How is a using a LWW register for all data in the JSON-Object superior to simple, traditional timestamp-based reconciliation? Isn't this what the proposal boils down to? Such a last-write-wins data structure is not really novel and used in various systems, e.g., Cassandra. (I'm partially guessing/making assumptions here, since the JSON data structure composed of CRDTs is not defined in detail.) On a related note: Since state is kept and managed on the client side, couldn’t clients overrule other clients and server state by lying about their timestamp?

The evaluation is based on max. 24 clients and 1 server. This is not realistic for web applications. How does the middleware perform for large numbers of clients? What is the expected scalability?

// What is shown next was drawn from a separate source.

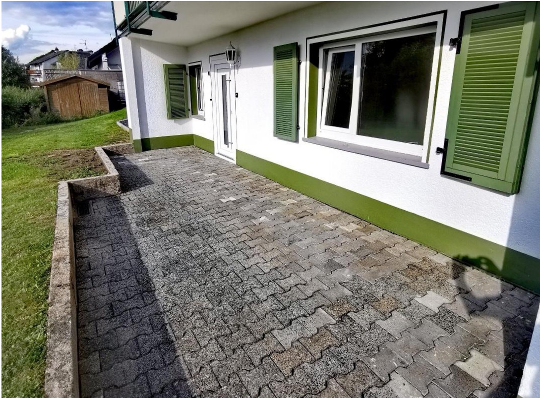
Wohnungszugang und Terrasse

The system architecture resembles the system presented in the following paper, which is relevant related work: Eberhardt, Jacob, Dominik Ernst, and David Bermbach. "SMAC: State Management for Geo-Distributed Containers."

Besides the above mentioned points, the general idea of CRDT-based client-side shared data structures has been discussed before and should not be considered novel. Advantages of the proposed CRDT-based JSON data structure over commonly applied LWW-strategies should be highlighted and described in more detail. Web-scale performance benchmarks that highlight advantages over an existing approach would reinforce the arguments. Focusing on the specific requirements of web-scale applications and how employing such data structures could be beneficial in that context could be a promising direction.

Meta-Review

All reviewers point out a lack of discussion of important technical details (such as JSON structure) and a lack of overall novelty of the proposed approach. Still, the paper tackles an interesting topic and the approach is promising.